Full transparent bridging between a legacy String/Character and Unicode String/Grapheme/Unicode Scalar was simply too much to accomplish in a single release cycle. This is a multi-release endeavor, and the focus of VAST 2022 was the implementation of Unicode support and safely bringing it into the core of the platform. As we move to VAST 2023, we will focus more on the integration with specific parts of the product and changing code in String/Character would be considered part of this integration. We didn't want to rush how we changed other parts of the system, especially in highly optimized areas where even a little bit on increase code size (primarily vm code) can have a detrimental impact on performance.
"How one in 'real life' would go about this (in an efficient way) in cases where you don't know what kind of strings you're dealing with"
I'm not exactly sure how to answer this question. Some of it depends on your architecture. Some of it depends on what you expect the product to reasonably do for you on your behalf vs what you will be expected to do if you opt-in to Unicode support. I imagine as we integrate other libraries in VAST to be Unicode enabled, we will be better positioned to answer these questions. But it will require examples and use-cases.

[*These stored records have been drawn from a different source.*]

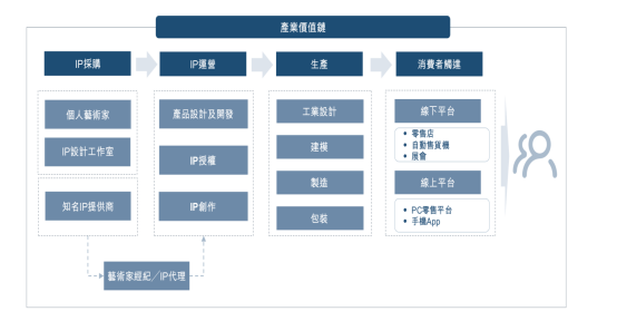 在造股书上,泡泡玛特曾强调「IP是我们的业务核心」,并且如此归纳了中国潮流玩具零售市场的价值链 :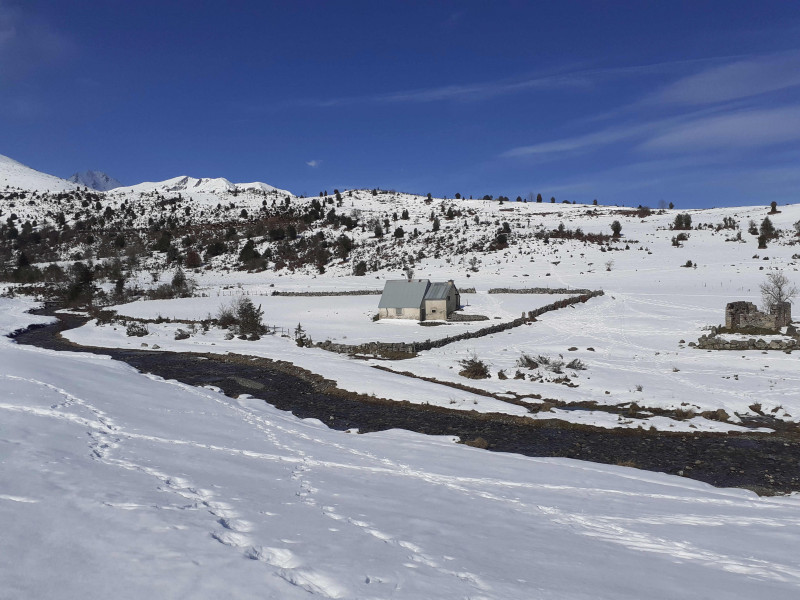 Enfin, c'est le départ. Le paysage est magnifique avec le ciel qui daigne se mettre au bleu, avec l'observatoire du Pic du Midi, comme une bougie posée sur un gâteau meringué, avec les cristaux de neige scintillant sous la lumière. (Là, attention, c'était un moment de poésie offert par la Coulée d'Ousse, à moins que ce ne soit un passage recyclé d'un ancien article du site...)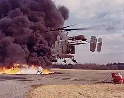 During the conflict, the HH-43 flew more rescue missions than all other rotorcraft combined, largely due to its unique hovering capability; between 1966 and 1970, the type performed a total of 888 combat rescue, comprising 343 aircrew rescues and 545 non-aircrew rescues.[7] The type was also occasionally used as a firefighting vehicle in the theatre as well.[18] Noting the shortcomings of the HH-43, the procurement of newer aircraft, such as the Sikorsky CH-3C and HH-3E, was accelerated; their arrival in quantity supplanted the type and saw its being entirely replaced during the early 1970s.[19][20] However, the HH-43 did continue to serve in Southeast Asia until 1975, making it both the first and last rescue helicopter serving in that theatre.[16] (See also List of aircraft losses of the Vietnam War)

One approach is the "Unicode Sandwich" model, and String is just a special case of decoding "on the edge" into a UnicodeString, except we're decoding code-pages instead of UTF data. And that will apply to many scenarios "in real life", but maybe not your situation. Perhaps you could elaborate with an example?

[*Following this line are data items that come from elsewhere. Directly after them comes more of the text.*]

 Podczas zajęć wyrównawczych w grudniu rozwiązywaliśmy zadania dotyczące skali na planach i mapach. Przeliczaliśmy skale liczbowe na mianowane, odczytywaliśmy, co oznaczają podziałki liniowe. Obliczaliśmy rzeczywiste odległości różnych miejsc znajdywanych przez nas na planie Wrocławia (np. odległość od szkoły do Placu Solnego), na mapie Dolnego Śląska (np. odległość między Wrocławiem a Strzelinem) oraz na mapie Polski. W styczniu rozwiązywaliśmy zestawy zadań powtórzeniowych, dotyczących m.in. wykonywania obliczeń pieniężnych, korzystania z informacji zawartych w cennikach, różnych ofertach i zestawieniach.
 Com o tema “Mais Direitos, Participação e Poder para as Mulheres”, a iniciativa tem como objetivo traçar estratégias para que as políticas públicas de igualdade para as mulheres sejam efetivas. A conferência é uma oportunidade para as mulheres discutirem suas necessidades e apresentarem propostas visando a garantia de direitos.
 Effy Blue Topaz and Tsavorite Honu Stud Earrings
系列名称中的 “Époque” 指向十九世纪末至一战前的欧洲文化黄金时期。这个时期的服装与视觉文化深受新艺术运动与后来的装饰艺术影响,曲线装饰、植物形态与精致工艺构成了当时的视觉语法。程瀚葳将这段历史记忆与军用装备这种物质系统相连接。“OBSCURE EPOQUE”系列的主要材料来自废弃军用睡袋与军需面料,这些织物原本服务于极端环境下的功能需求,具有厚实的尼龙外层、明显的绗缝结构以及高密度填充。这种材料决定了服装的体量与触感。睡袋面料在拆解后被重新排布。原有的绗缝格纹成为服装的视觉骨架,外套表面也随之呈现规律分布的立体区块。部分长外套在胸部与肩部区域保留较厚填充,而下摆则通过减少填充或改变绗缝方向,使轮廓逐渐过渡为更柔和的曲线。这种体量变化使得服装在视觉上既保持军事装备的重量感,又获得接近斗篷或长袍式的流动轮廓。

Maybe I already answered your question with "we're looking at it for VAST 2023"? As I've done in a few places, you can always just call #asUnicodeString on the string-like object in question. If this string has any characters outside 7-bit ascii, you're going to need to do conversion anyway.
Again, depending on your needs, another set of APIs to look at are "Views". We actually wrote bridging code so that all the "Views" could be used on the String class also. So, if you need to convert a code-page <String> class to graphemes, unicode scalars, utf8, utf16, utf32. Then you can do so, and this would allow your code to stay polymorphic in those areas. All of these are provided as extensions on String defined in the UnicodeSupport library.
Thanks for the question.
- Seth